--- START ---

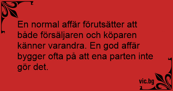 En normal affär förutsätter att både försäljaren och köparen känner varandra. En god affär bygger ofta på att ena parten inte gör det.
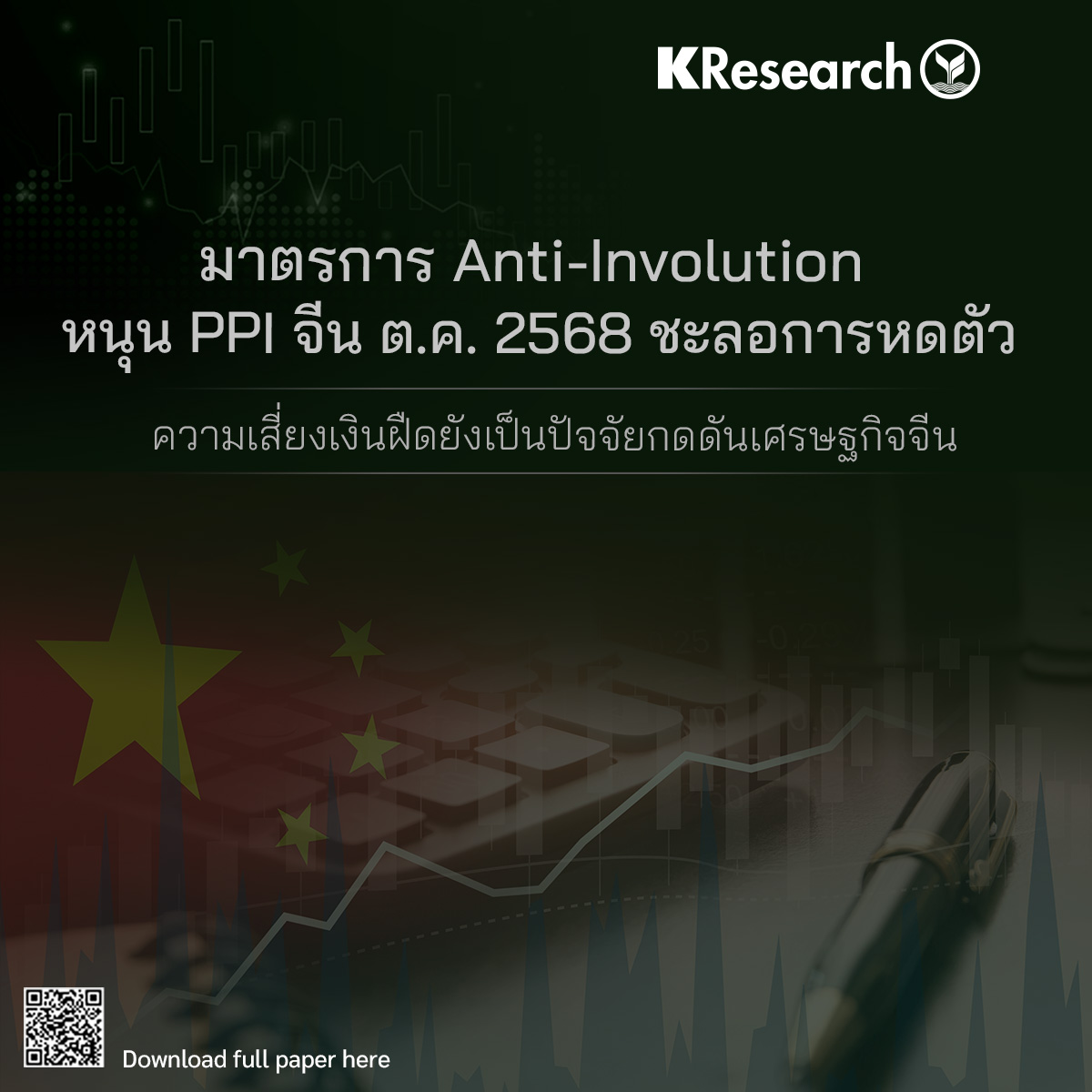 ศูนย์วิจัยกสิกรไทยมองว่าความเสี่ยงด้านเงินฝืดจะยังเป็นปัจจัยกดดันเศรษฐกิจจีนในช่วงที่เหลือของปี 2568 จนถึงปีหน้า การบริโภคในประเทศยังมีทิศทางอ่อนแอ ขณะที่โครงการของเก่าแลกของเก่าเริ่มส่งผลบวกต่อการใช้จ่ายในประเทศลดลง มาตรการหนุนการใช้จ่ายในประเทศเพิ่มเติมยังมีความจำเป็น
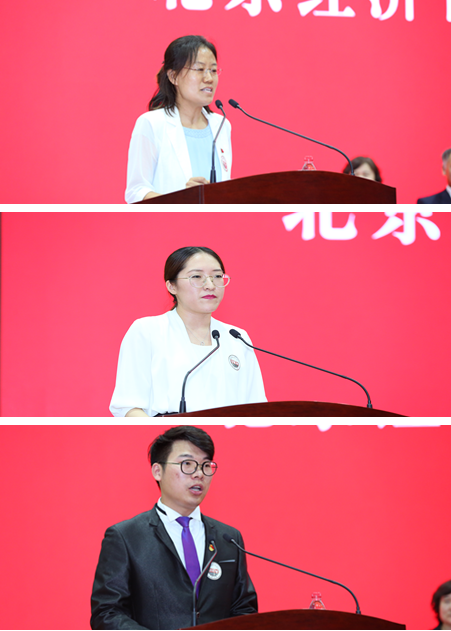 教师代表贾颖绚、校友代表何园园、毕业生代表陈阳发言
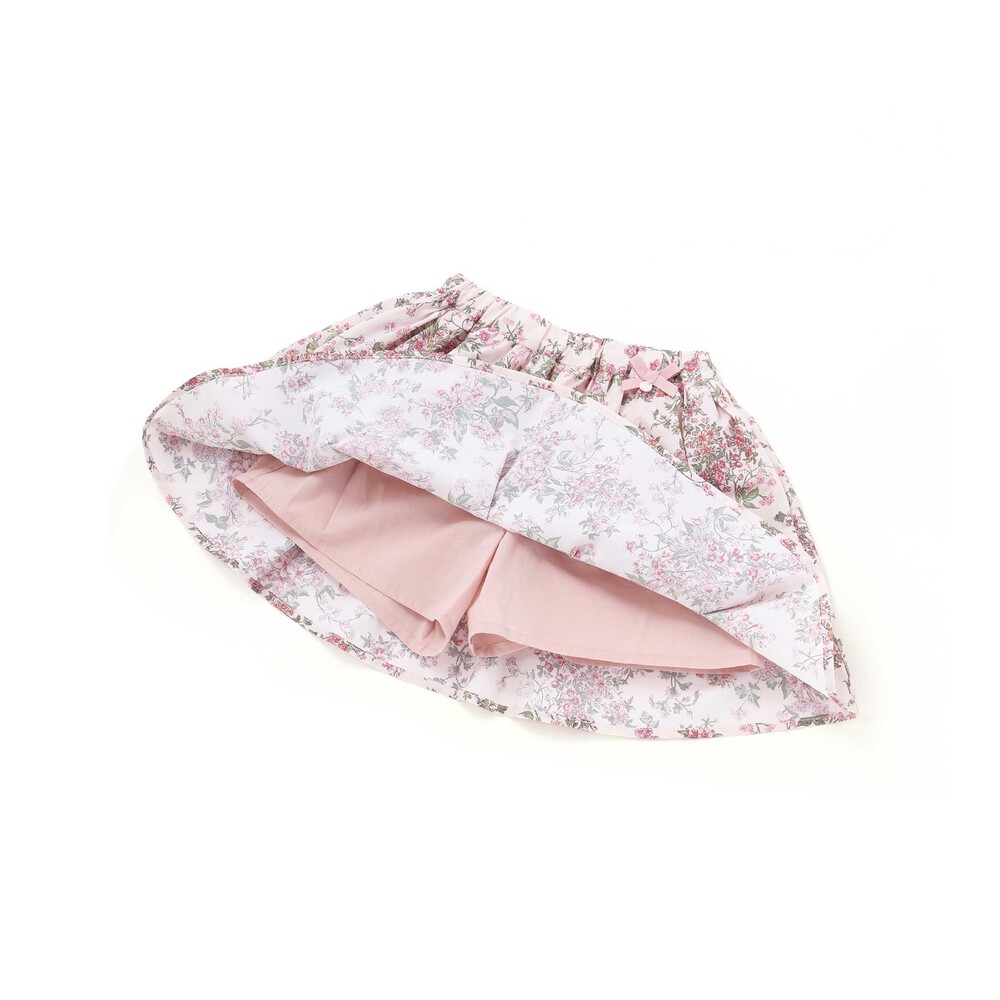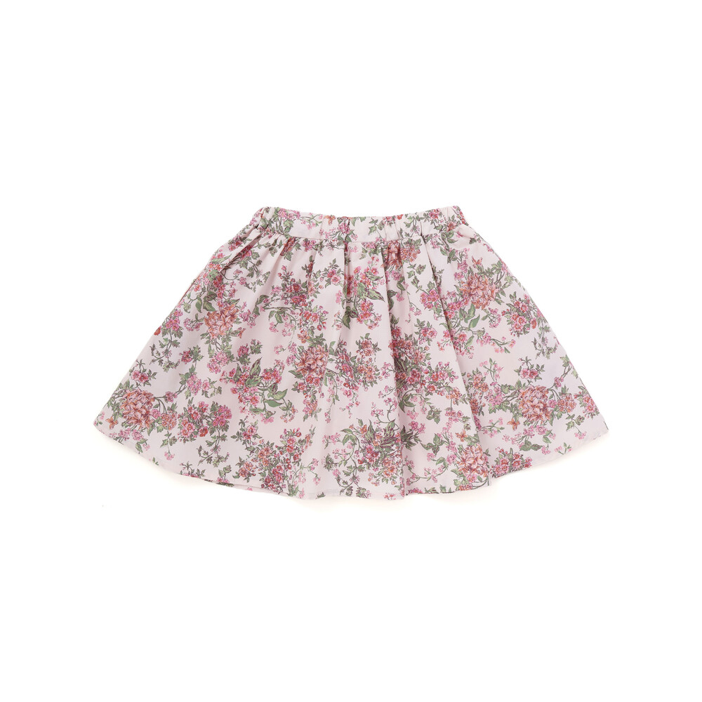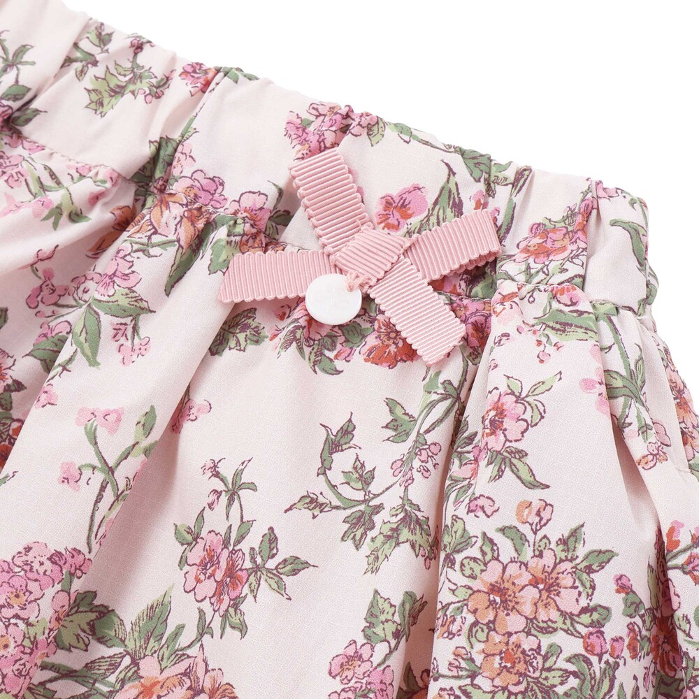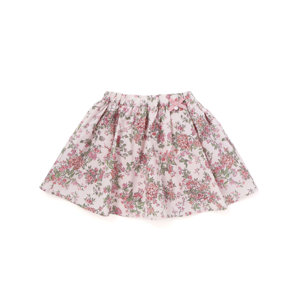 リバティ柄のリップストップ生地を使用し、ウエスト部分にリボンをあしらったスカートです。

--- END ---
--- START ---

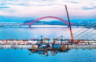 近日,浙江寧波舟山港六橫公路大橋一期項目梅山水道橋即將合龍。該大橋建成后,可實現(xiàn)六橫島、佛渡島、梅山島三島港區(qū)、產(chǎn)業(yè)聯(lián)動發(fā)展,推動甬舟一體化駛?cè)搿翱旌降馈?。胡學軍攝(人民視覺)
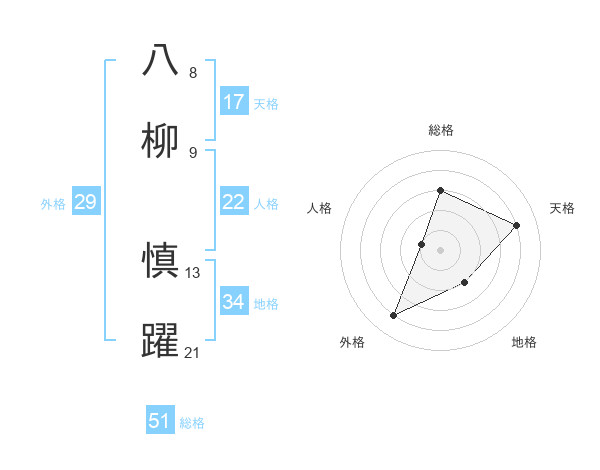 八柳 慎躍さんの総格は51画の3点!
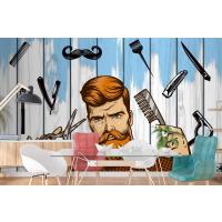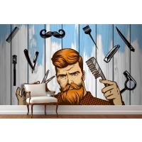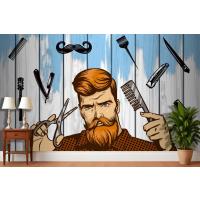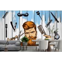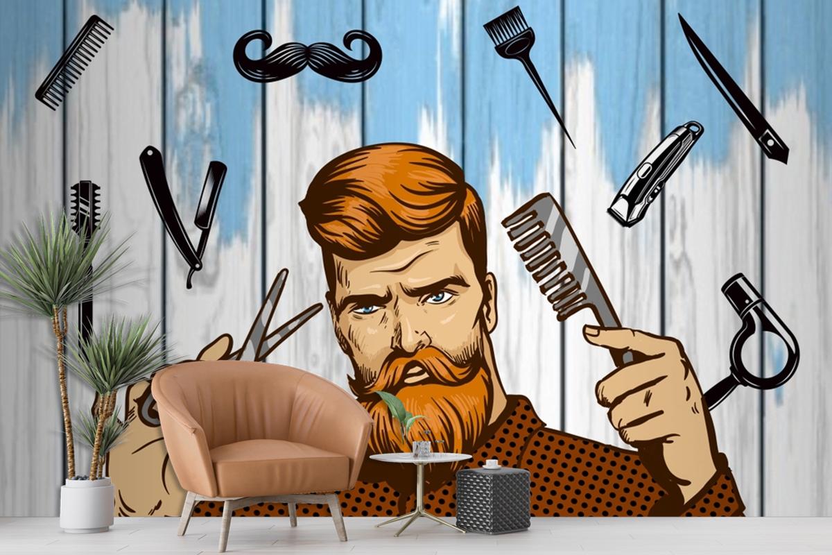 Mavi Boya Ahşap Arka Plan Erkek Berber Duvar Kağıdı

--- END ---

EXERCISE AIM:
In the data above, find the line containing "2568 จนถึงปีหน้า การบริโภคในประเทศยังมีทิศทางอ่อนแอ" and the line containing "リバティ柄のリップストップ生". Repeat those two lines and everything between them exactly, minus the pictures.

OUTPUT FOR THIS EXERCISE:
 ศูนย์วิจัยกสิกรไทยมองว่าความเสี่ยงด้านเงินฝืดจะยังเป็นปัจจัยกดดันเศรษฐกิจจีนในช่วงที่เหลือของปี 2568 จนถึงปีหน้า การบริโภคในประเทศยังมีทิศทางอ่อนแอ ขณะที่โครงการของเก่าแลกของเก่าเริ่มส่งผลบวกต่อการใช้จ่ายในประเทศลดลง มาตรการหนุนการใช้จ่ายในประเทศเพิ่มเติมยังมีความจำเป็น
 教师代表贾颖绚、校友代表何园园、毕业生代表陈阳发言
 リバティ柄のリップストップ生地を使用し、ウエスト部分にリボンをあしらったスカートです。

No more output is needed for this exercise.